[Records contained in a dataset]
==============================

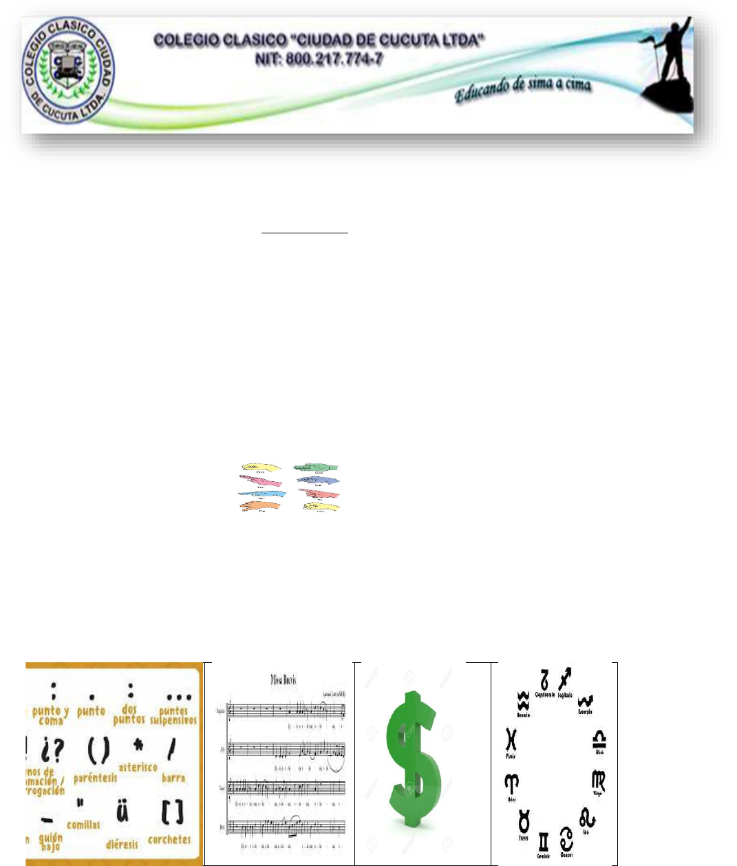 ASIGNATURA: CASTELLANO 2 PERIODO GRADO: 7 DOCENTE: LEIDY JIMÉNEZ TEMA: EL SÍMBOLO, SIGNO Y LAS SEÑALES FECHA DE ENTREGA DEL DOCENTE: 23 DE JUNIO 2020 FECHA DE ENTREGA DE TRABAJO DEL ESTUDIANTE: VIERNES 3 DE JULIO 2020 EL SÍMBOLO, SIGNO Y LAS SEÑALES La semiótica o semiología es aquella ciencia que se encarga del estudio de los signos en el seno de la vida social. SIGNO: Se conoce como signo al objeto o fenómeno material que, natural o convencionalmente, representa y sustituye a otro objeto o señal. Es todo aquello que sirve para transmitir una información. También, puede ser el gesto hecho con alguna parte del cuerpo para expresar o indicar algo. Por ejemplo: los sordomudos, o me hizo un signo para saber dónde estaba la salida. Por otra parte, en matemática, el signo permite identificar la naturaleza de las cantidades y las operaciones que se han de ejecutar con ellas. Por ejemplo: signos más o menos, signo de multiplicación, signo mayor o menor que, signo infinito, entre otros. EJEMPLOS: SIGNOS DE PUNTUACIÓN SIGNO MUSICALES SIGNO DINERO SIGNO ZODIACAL https://es.wikipedia.org/wiki/Semi%C3%B3tica TIPOS DE SIGNOS: SEÑALES Es un tipo de signo que tiene por finalidad cambiar u originar una acción y actúa de manera directa e inmediata sobre el receptor del mensaje. Como su palabra lo indica señala indicando la proximidad de una cosa. Cuando vemos una señal, ella nos indica que debemos prestar atención a un hecho en un momento determinado o modificar una actividad prevista. Las señales deben ser respetadas ya que son de gran ayuda, nos permiten orientarnos. Cuando paseamos por un zoológico o un parque y queremos saber dónde quedan los cafetines, los baños o los animales, observamos señales pertinentes que nos indican su ubicación. Entre las señales más utilizadas en todo el mundo tenemos las de tránsito. http://www.monografias.com/trabajos35/categoria-accion/categoria-accion.shtml http://www.monografias.com/trabajos14/deficitsuperavit/deficitsuperavit.shtml http://www.monografias.com/trabajos10/cani/cani.shtml EL SÍMBOLO Los símbolos son elementos de la comunicación humana que ayudan a transmitir información o mensajes de un emisor a un receptor. Se basan por lo tanto en la representación de algo a través del uso de otra cosa. Por lo tanto, sus características son muy similares a los de los signos. Los símbolos son utilizados constantemente ya que ayudan a reafirmar ideas y posturas respecto a algo. Los símbolos, dadas sus características, pueden cambiar al paso del tiempo, Es por ello que los símbolos suelen redefinirse cada cierto tiempo para dar paso a nuevos significados y mensajes. 1. A CADA EJEMPLO DE SÍMBOLO ESCRÍBE COMO SE LLAMA Y CUÁL ES SU FUNCIÓN: EL ICONO Se denomina ícono a una representación de un objeto o persona. El término también puede utilizarse de modo figurado para aludir a un tipo de elemento que representa una determinada circunstancia o hecho. Cuando hablamos de icono, solemos referirnos a una simbología, algo que se puede interpretar como la representación gráfica de un concepto, una imagen cuya función es la de sustituir al objeto mediante su significado, mediante una representación o bien por analogía, de modo que a partir de su representación nos ofrece un concepto similar al objeto en cuestión. En concreto podemos deducir que en nuestro día a día, usamos el término icono como sinónimo de símbolo. EN EL ÁMBITO DE LA INFORMÁTICA, un icono es un concepto altamente utilizado ya que básicamente su representación gráfica se utiliza para la identificación de todo tipo de programas (software) o diversas funciones que pueden desarrollarse con un ordenador u otro dispositivo. Estos pictogramas digitales nos facilitan el uso de los ordenadores como por ejemplo cuando decimos, “Tienes que hacer doble clic en el icono de la W para abrir el Microsoft Word”. Los iconos suelen ser representaciones gráficas de un tamaño reducido que representan esos ficheros, accesos directos o bien distintos programas y gracias a ellos se facilita su ejecución mediante el uso de una interfaz gráfica adecuada. EJEMPLOS: 2. ESCRIBE SU NOMBRE Y LO QUE SIGNIFICAN https://tusejemplos.com/wp-content/uploads/2016/05/iconos.jpg ACTIVIDAD 3. Consignar en el cuaderno la información, los que puedan sacar la copia la pegan 4. Realizo un cuadro donde diferencies los términos signo, símbolo, ícono, señal 5. Dibujo o busco en revistas 3 ejemplos de signos, símbolos, señales e íconos. 6. Inventa tu propio icono ( una hoja del cuaderno de forma creativa) 7. Señala cuál es el significado de los siguientes signos: a) Cinco estrellas junto al nombre de un hotel. b) Una señal de tráfico triangular, con borde rojo y el dibujo de unos niños caminando. c) Los sonidos cortos e intermitentes del auricular de un teléfono descolgado. d) La tarjeta roja que enseña un árbitro en medio de un partido de fútbol. e) Una columna de humo en medio del bosque. f) Un relámpago. g) Una cruz roja en la fachada de un edificio. 8. . ¿Cuáles de los signos anteriores son indicios icono y símbolos? Haz tres columnas y construye un esquema como el siguiente Ejemplo: SÍMBOLO ÍCONO INDICIO 9. DEFINO CADA CLASE DE SIGNO,EXCLUYA SIMBOLOS E ICONOS.
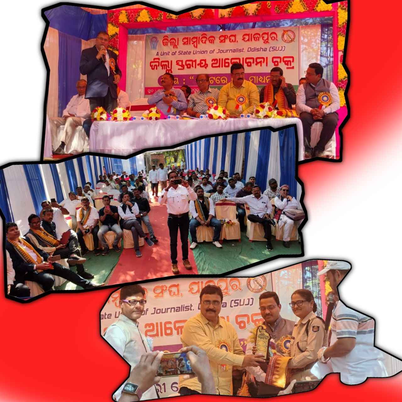 ରାଜ୍ୟ ସଭାପତି କୈଳାଶ ଚନ୍ଦ୍ର ନାୟକ, ସ୍ଵତନ୍ତ୍ର ଅତିଥି ଭାବେ ଦାନଗଦି ବ୍ଲକ ବିଡ଼ିଓ ପ୍ରଦୀପ କୁମାର ସେଠୀ, ସମ୍ମାନୀତ ଭାବେ ଅତିଥି ଆଇଆଇଟି ପ୍ରଫେସର ଦୁଃଖବନ୍ଧୁ ସାହୁ, ଟାଟା ଷ୍ଟିଲ ୟୁନିଟ ହେଡ୍ ଜୟନ୍ତ କୁମାର ତ୍ରିପାଠୀ, ଜାତୀୟ ସାମ୍ବାଦିକ ୟୁନିୟନର ସ୍ଵତନ୍ତ୍ର ନିମନ୍ତ୍ରିତ ସଭ୍ୟ ଚିନ୍ତାମଣି ପାଢ଼ୀ ପ୍ରମୁଖ ଯୋଗ ଦେଇ ଥିବା ବେଳେ ଜିଲ୍ଲା ଶାଖା ସଭାପତି ସୁବାଷ ଧଳ ଅଧ୍ୟକ୍ଷତା କରିଥିଲେ। ଜିଲ୍ଲା ସାଧାରଣ ସମ୍ପାଦକ ଅବିନେଶ୍ଵର ଶତପଥୀ, ମହାଗିରୀ ପ୍ରେସ କ୍ଲବ ସଭାପତି ହରିହର ବାରିକ, ସାଧାରଣ ସମ୍ପାଦକ ମଳୟ କୁମାର ରାଉତ ପ୍ରମୁଖ ମଂଚାସୀନ ରହି "ସଙ୍କଟରେ ଗଣମାଧ୍ୟମ" ଶୀର୍ଷକ ବିଷୟବସ୍ତୁ ଉପରେ ଆଲୋଚନା କରିଥିଲେ।
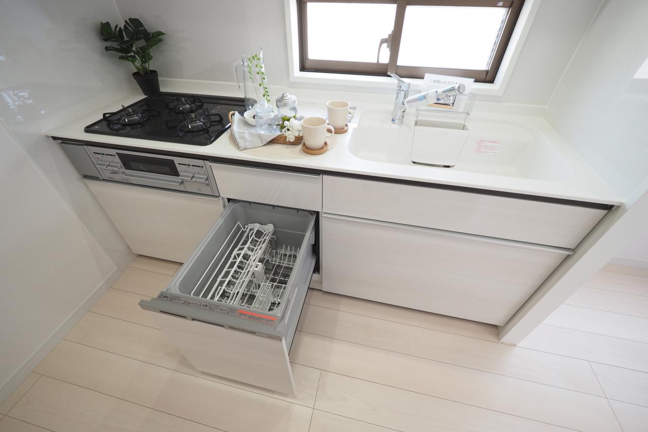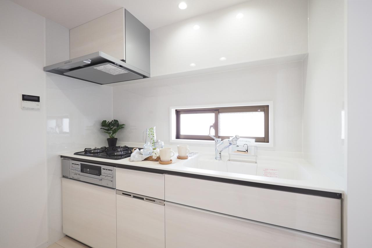 食洗機搭載システムキッチンを採用。換気もできる採光窓付き
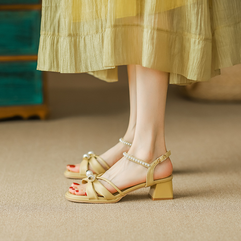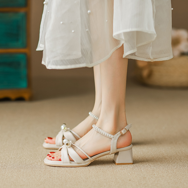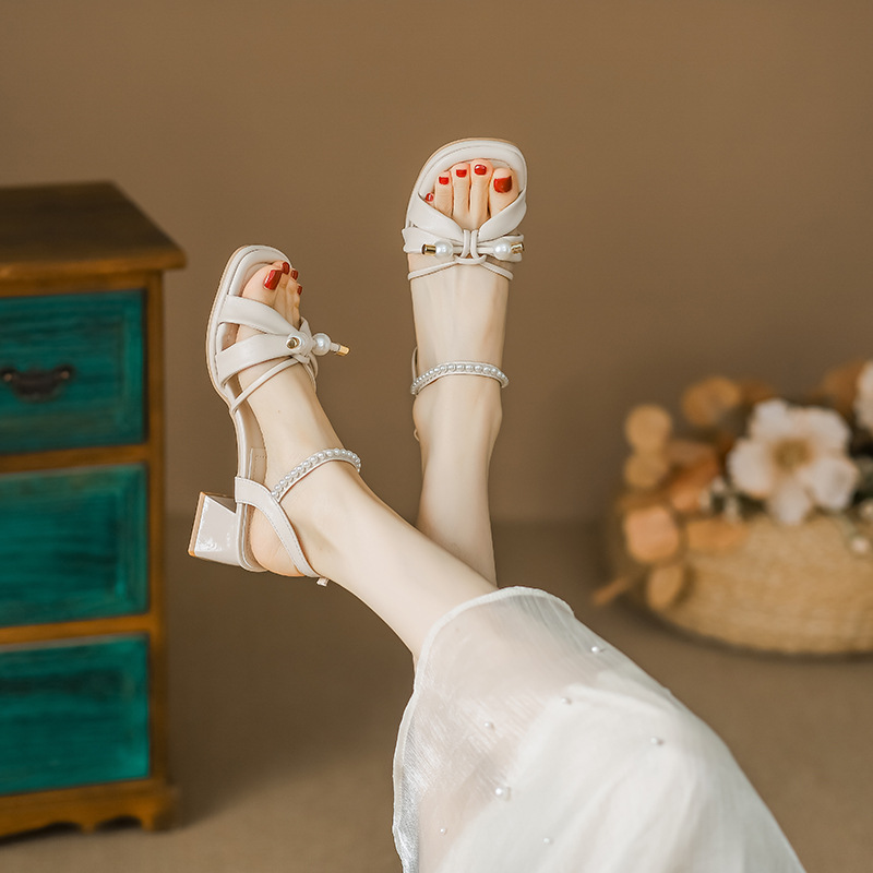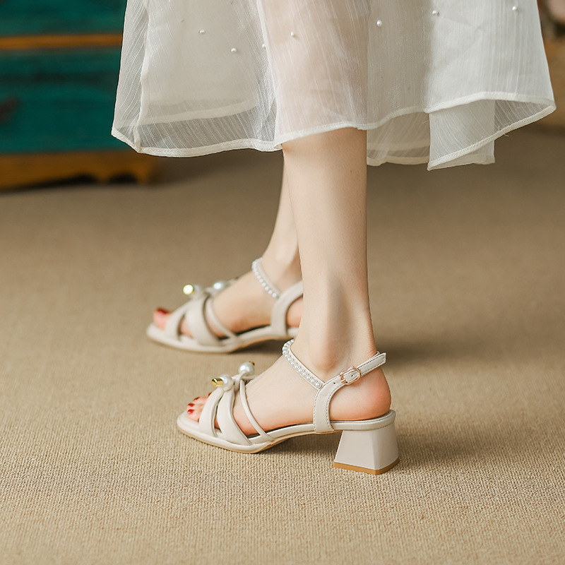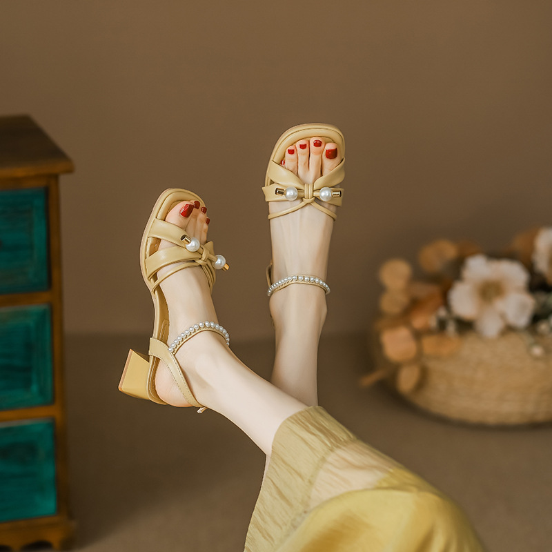 凉鞋女新款夏季超火时尚粗跟时装高级感仙女风高跟罗马配裙鞋
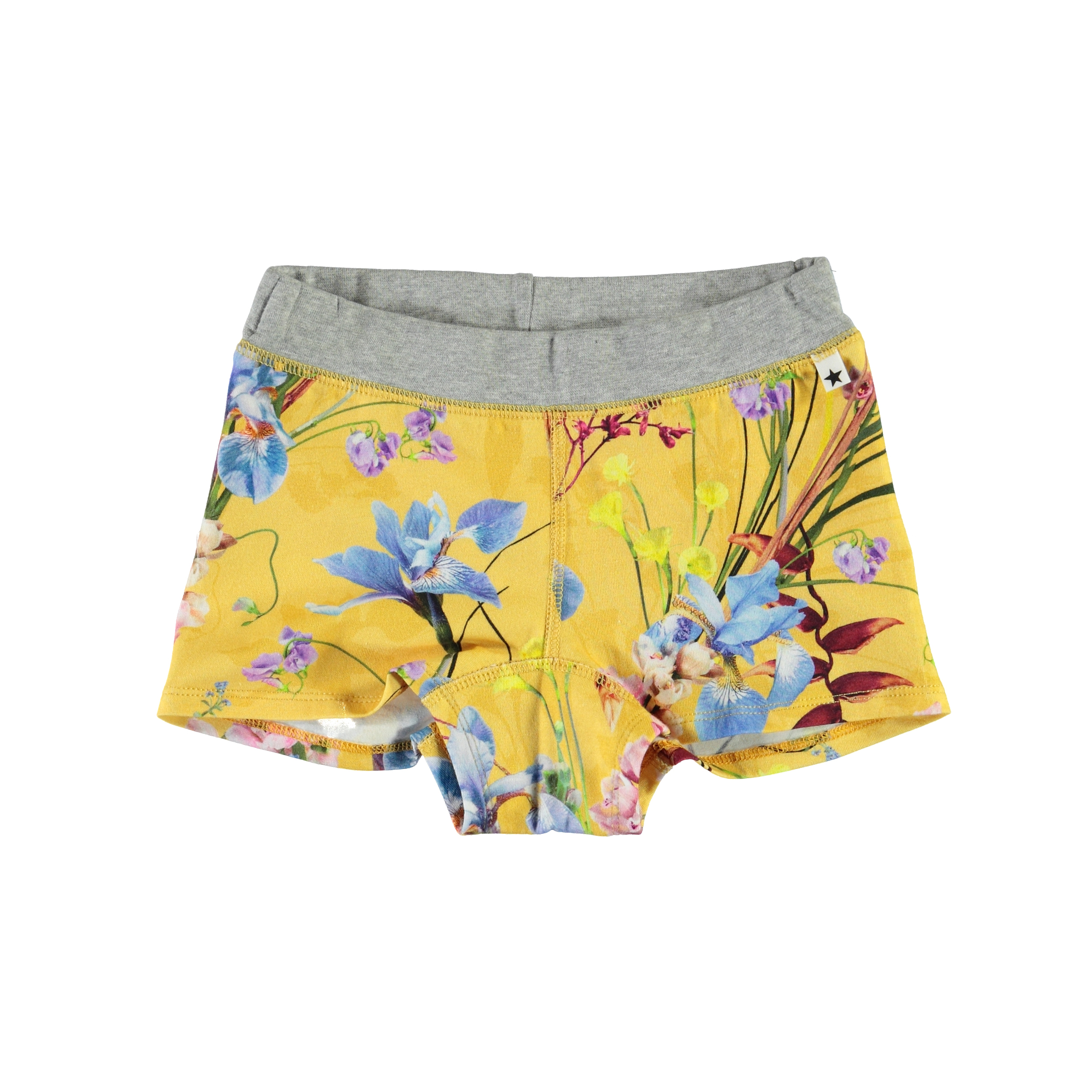 Joanna is een boxer in een bloemenprint op een gele achtergrond. Het heeft een brede elastische taille en zichtbare stiksels.
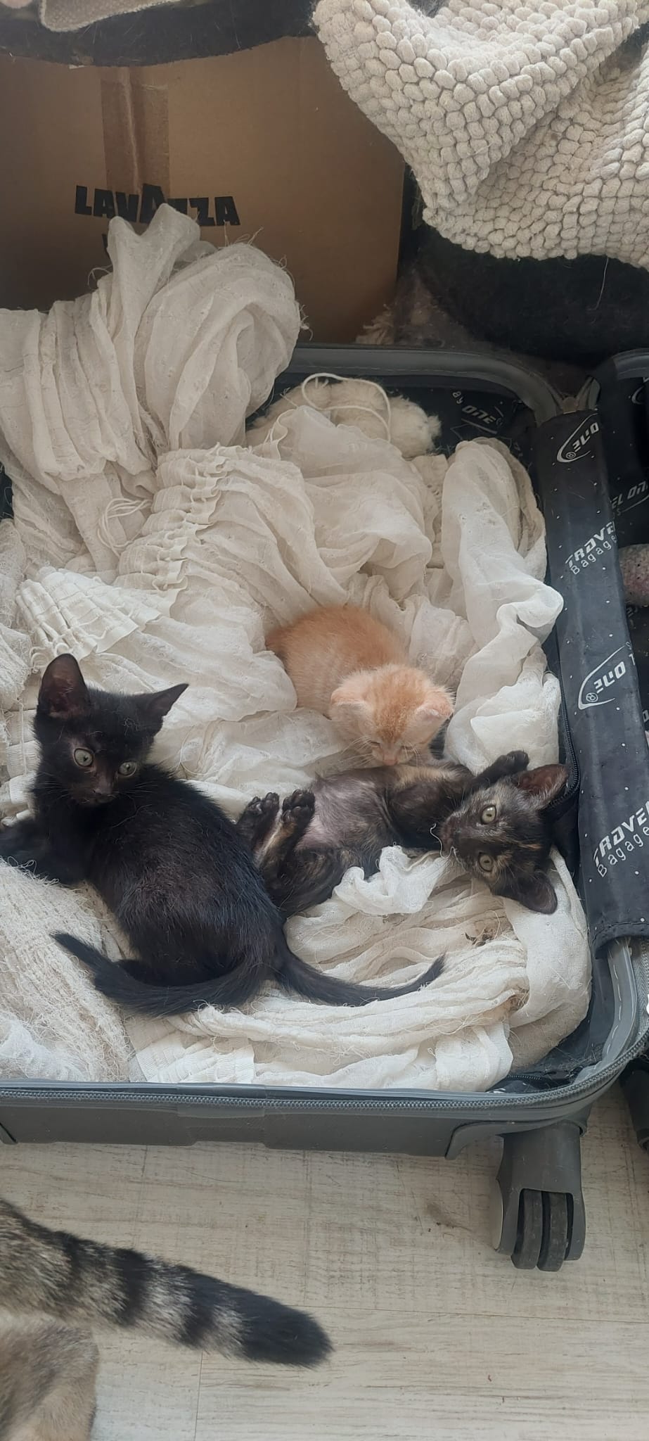 12.05.: Pepas Kittenbande hat Zuwachs bekommen ... letzten Freitag kommt sie von der Tierklinik und hört aus der Abfalltonne Kitten weinen ... nein, sagt sie sich, ich gehe da nicht hin, nein diesmal nicht ... Pepa ist nicht voll, nicht übervoll, sie platzt aus allen Nähten ... und geht doch hin und holt 2 Babies aus dem Müll raus. Die ersten 2 Tage müssen sie in der Box auf der Terrasse sein, dann kommen sie zu ihren Neuzugängen.

==============================

• _What you should do_:
Copy out every line above without change, dropping the pictures.

• _Problem solution_:
 ASIGNATURA: CASTELLANO 2 PERIODO GRADO: 7 DOCENTE: LEIDY JIMÉNEZ TEMA: EL SÍMBOLO, SIGNO Y LAS SEÑALES FECHA DE ENTREGA DEL DOCENTE: 23 DE JUNIO 2020 FECHA DE ENTREGA DE TRABAJO DEL ESTUDIANTE: VIERNES 3 DE JULIO 2020 EL SÍMBOLO, SIGNO Y LAS SEÑALES La semiótica o semiología es aquella ciencia que se encarga del estudio de los signos en el seno de la vida social. SIGNO: Se conoce como signo al objeto o fenómeno material que, natural o convencionalmente, representa y sustituye a otro objeto o señal. Es todo aquello que sirve para transmitir una información. También, puede ser el gesto hecho con alguna parte del cuerpo para expresar o indicar algo. Por ejemplo: los sordomudos, o me hizo un signo para saber dónde estaba la salida. Por otra parte, en matemática, el signo permite identificar la naturaleza de las cantidades y las operaciones que se han de ejecutar con ellas. Por ejemplo: signos más o menos, signo de multiplicación, signo mayor o menor que, signo infinito, entre otros. EJEMPLOS: SIGNOS DE PUNTUACIÓN SIGNO MUSICALES SIGNO DINERO SIGNO ZODIACAL https://es.wikipedia.org/wiki/Semi%C3%B3tica TIPOS DE SIGNOS: SEÑALES Es un tipo de signo que tiene por finalidad cambiar u originar una acción y actúa de manera directa e inmediata sobre el receptor del mensaje. Como su palabra lo indica señala indicando la proximidad de una cosa. Cuando vemos una señal, ella nos indica que debemos prestar atención a un hecho en un momento determinado o modificar una actividad prevista. Las señales deben ser respetadas ya que son de gran ayuda, nos permiten orientarnos. Cuando paseamos por un zoológico o un parque y queremos saber dónde quedan los cafetines, los baños o los animales, observamos señales pertinentes que nos indican su ubicación. Entre las señales más utilizadas en todo el mundo tenemos las de tránsito. http://www.monografias.com/trabajos35/categoria-accion/categoria-accion.shtml http://www.monografias.com/trabajos14/deficitsuperavit/deficitsuperavit.shtml http://www.monografias.com/trabajos10/cani/cani.shtml EL SÍMBOLO Los símbolos son elementos de la comunicación humana que ayudan a transmitir información o mensajes de un emisor a un receptor. Se basan por lo tanto en la representación de algo a través del uso de otra cosa. Por lo tanto, sus características son muy similares a los de los signos. Los símbolos son utilizados constantemente ya que ayudan a reafirmar ideas y posturas respecto a algo. Los símbolos, dadas sus características, pueden cambiar al paso del tiempo, Es por ello que los símbolos suelen redefinirse cada cierto tiempo para dar paso a nuevos significados y mensajes. 1. A CADA EJEMPLO DE SÍMBOLO ESCRÍBE COMO SE LLAMA Y CUÁL ES SU FUNCIÓN: EL ICONO Se denomina ícono a una representación de un objeto o persona. El término también puede utilizarse de modo figurado para aludir a un tipo de elemento que representa una determinada circunstancia o hecho. Cuando hablamos de icono, solemos referirnos a una simbología, algo que se puede interpretar como la representación gráfica de un concepto, una imagen cuya función es la de sustituir al objeto mediante su significado, mediante una representación o bien por analogía, de modo que a partir de su representación nos ofrece un concepto similar al objeto en cuestión. En concreto podemos deducir que en nuestro día a día, usamos el término icono como sinónimo de símbolo. EN EL ÁMBITO DE LA INFORMÁTICA, un icono es un concepto altamente utilizado ya que básicamente su representación gráfica se utiliza para la identificación de todo tipo de programas (software) o diversas funciones que pueden desarrollarse con un ordenador u otro dispositivo. Estos pictogramas digitales nos facilitan el uso de los ordenadores como por ejemplo cuando decimos, “Tienes que hacer doble clic en el icono de la W para abrir el Microsoft Word”. Los iconos suelen ser representaciones gráficas de un tamaño reducido que representan esos ficheros, accesos directos o bien distintos programas y gracias a ellos se facilita su ejecución mediante el uso de una interfaz gráfica adecuada. EJEMPLOS: 2. ESCRIBE SU NOMBRE Y LO QUE SIGNIFICAN https://tusejemplos.com/wp-content/uploads/2016/05/iconos.jpg ACTIVIDAD 3. Consignar en el cuaderno la información, los que puedan sacar la copia la pegan 4. Realizo un cuadro donde diferencies los términos signo, símbolo, ícono, señal 5. Dibujo o busco en revistas 3 ejemplos de signos, símbolos, señales e íconos. 6. Inventa tu propio icono ( una hoja del cuaderno de forma creativa) 7. Señala cuál es el significado de los siguientes signos: a) Cinco estrellas junto al nombre de un hotel. b) Una señal de tráfico triangular, con borde rojo y el dibujo de unos niños caminando. c) Los sonidos cortos e intermitentes del auricular de un teléfono descolgado. d) La tarjeta roja que enseña un árbitro en medio de un partido de fútbol. e) Una columna de humo en medio del bosque. f) Un relámpago. g) Una cruz roja en la fachada de un edificio. 8. . ¿Cuáles de los signos anteriores son indicios icono y símbolos? Haz tres columnas y construye un esquema como el siguiente Ejemplo: SÍMBOLO ÍCONO INDICIO 9. DEFINO CADA CLASE DE SIGNO,EXCLUYA SIMBOLOS E ICONOS.
 ରାଜ୍ୟ ସଭାପତି କୈଳାଶ ଚନ୍ଦ୍ର ନାୟକ, ସ୍ଵତନ୍ତ୍ର ଅତିଥି ଭାବେ ଦାନଗଦି ବ୍ଲକ ବିଡ଼ିଓ ପ୍ରଦୀପ କୁମାର ସେଠୀ, ସମ୍ମାନୀତ ଭାବେ ଅତିଥି ଆଇଆଇଟି ପ୍ରଫେସର ଦୁଃଖବନ୍ଧୁ ସାହୁ, ଟାଟା ଷ୍ଟିଲ ୟୁନିଟ ହେଡ୍ ଜୟନ୍ତ କୁମାର ତ୍ରିପାଠୀ, ଜାତୀୟ ସାମ୍ବାଦିକ ୟୁନିୟନର ସ୍ଵତନ୍ତ୍ର ନିମନ୍ତ୍ରିତ ସଭ୍ୟ ଚିନ୍ତାମଣି ପାଢ଼ୀ ପ୍ରମୁଖ ଯୋଗ ଦେଇ ଥିବା ବେଳେ ଜିଲ୍ଲା ଶାଖା ସଭାପତି ସୁବାଷ ଧଳ ଅଧ୍ୟକ୍ଷତା କରିଥିଲେ। ଜିଲ୍ଲା ସାଧାରଣ ସମ୍ପାଦକ ଅବିନେଶ୍ଵର ଶତପଥୀ, ମହାଗିରୀ ପ୍ରେସ କ୍ଲବ ସଭାପତି ହରିହର ବାରିକ, ସାଧାରଣ ସମ୍ପାଦକ ମଳୟ କୁମାର ରାଉତ ପ୍ରମୁଖ ମଂଚାସୀନ ରହି "ସଙ୍କଟରେ ଗଣମାଧ୍ୟମ" ଶୀର୍ଷକ ବିଷୟବସ୍ତୁ ଉପରେ ଆଲୋଚନା କରିଥିଲେ।
 食洗機搭載システムキッチンを採用。換気もできる採光窓付き
 凉鞋女新款夏季超火时尚粗跟时装高级感仙女风高跟罗马配裙鞋
 Joanna is een boxer in een bloemenprint op een gele achtergrond. Het heeft een brede elastische taille en zichtbare stiksels.
 12.05.: Pepas Kittenbande hat Zuwachs bekommen ... letzten Freitag kommt sie von der Tierklinik und hört aus der Abfalltonne Kitten weinen ... nein, sagt sie sich, ich gehe da nicht hin, nein diesmal nicht ... Pepa ist nicht voll, nicht übervoll, sie platzt aus allen Nähten ... und geht doch hin und holt 2 Babies aus dem Müll raus. Die ersten 2 Tage müssen sie in der Box auf der Terrasse sein, dann kommen sie zu ihren Neuzugängen.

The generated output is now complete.